Expressive-FastSpeech2 - Advancing Non-autoregressive TTS for Emotional and Conversational Voice Synthesis

Introduction to Expressive-FastSpeech2

Expressive-FastSpeech2 is a PyTorch implementation focused on advancing text-to-speech (TTS) technology by delivering expressive and natural-sounding speech using non-autoregressive methods. The project mainly centers on developing Emotional TTS and Conversational TTS systems, utilizing notable datasets such as the AIHub Multimodal Video AI datasets for Korean and the IEMOCAP database for English.

Contributions of the Project

Non-autoregressive Expressive TTS: The core goal of this project is to lay the groundwork for future exploration and practical applications in non-autoregressive expressive TTS. It encompasses Emotional TTS, which focuses on imbuing speech synthesis with emotional expressiveness, and Conversational TTS, designed to produce speech suitable for conversations.
Annotated Data Processing: This project offers insights into handling new datasets, which may involve different languages, to successfully train non-autoregressive emotional TTS models. This entails methods for processing and preparing data to enhance the performance and expressiveness of the generated speech.
English and Korean TTS: The project expands its reach by including Korean alongside English TTS, addressing language-specific features. For instance, when working with Korean, additional data processing is vital to accommodate the unique linguistic characteristics. This involves tasks like training the Montreal Forced Aligner with language-specific datasets.
Adopting Other Languages: If researchers wish to adapt this model to other languages, they can conveniently refer to the section titled "Training with your own dataset (own language)" in the categorical branch of the project repository.

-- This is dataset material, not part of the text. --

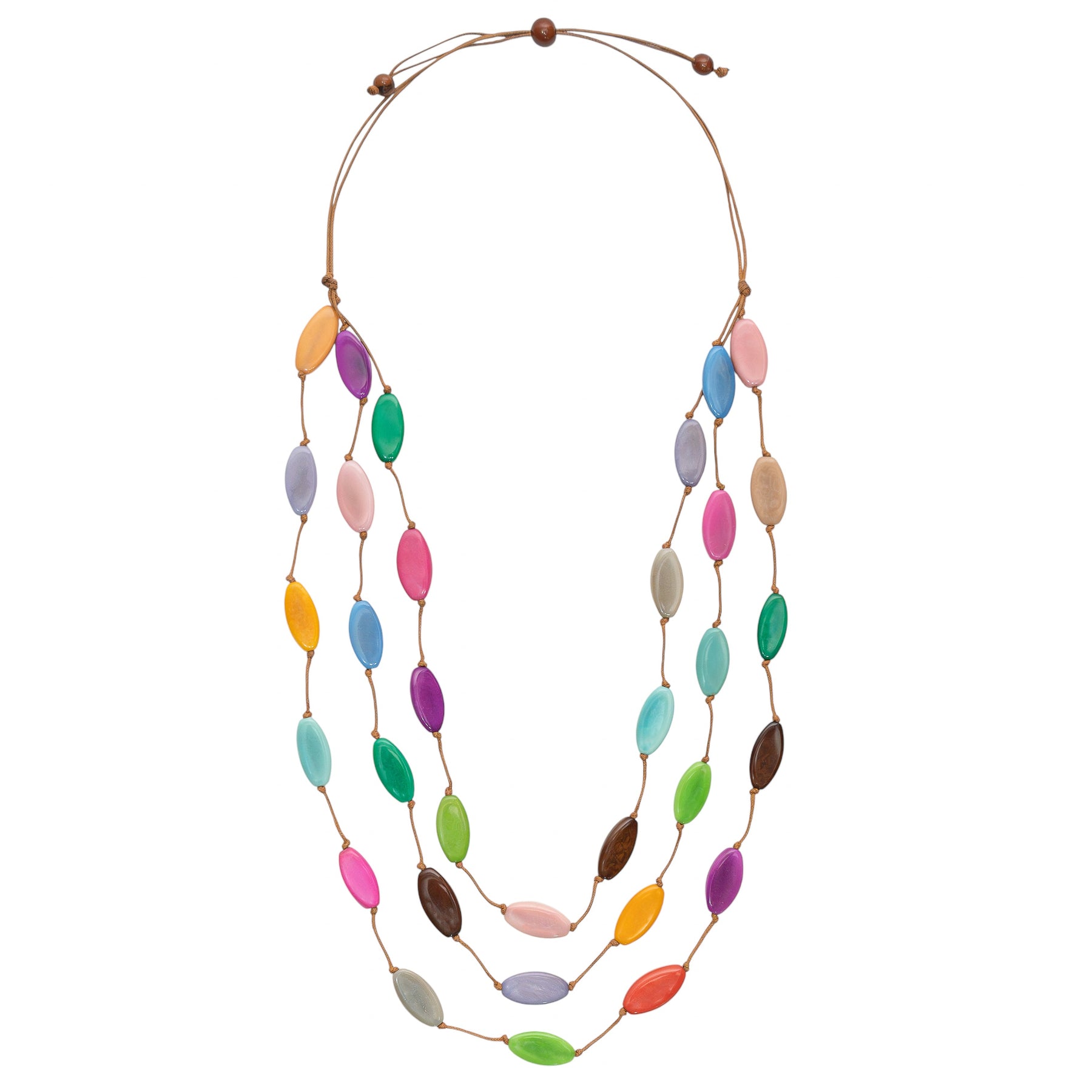 The Olympia Necklace radiates bold, natural elegance through its sculpted tagua pendants, each shaped to evoke organic movement and artisanal charm. Suspended from a vibrant handcrafted chain, this piece is designed to stand alone—an unmistakable statement necklace that celebrates sustainable artistry and vivid color.

Project Repository Structure

FastSpeech2 is the foundational framework for this project, offering a robust non-autoregressive multi-speaker TTS platform. It is beneficial to familiarize oneself with the original FastSpeech2 paper and implementation to fully grasp the enhancements made in Expressive-FastSpeech2.

Emotional TTS

The project branch dedicated to Emotional TTS includes basic implementations based on the Emotional End-to-End Neural Speech synthesizer approach. It is split into two branches:

Categorical Branch: This segment conditions on categorical emotional descriptors such as emotions like happy or sad.
Continuous Branch: In addition to categorical descriptors, this branch also considers continuous emotional descriptors like arousal and valence.

Conversational TTS

The conversational branch focuses on synthesizing speech suitable for dialogue systems and voice agents by conditioning on chat history. It draws inspiration from the Conversational End-to-End TTS approach, specifically designed for voice agents.

Citing the Project

For those interested in utilizing or referencing this project, appropriate citation instructions are outlined in the repository to acknowledge the contributions of Keon Lee, the developer behind this work.

Acknowledgments

The development of Expressive-FastSpeech2 builds upon several seminal works and contributions in the field of TTS, such as FastSpeech2 by ming024, Korean-FastSpeech2-Pytorch by HGU-DLLAB, and other notable projects that have significantly influenced the advancement of multi-speaker and expressive speech synthesis.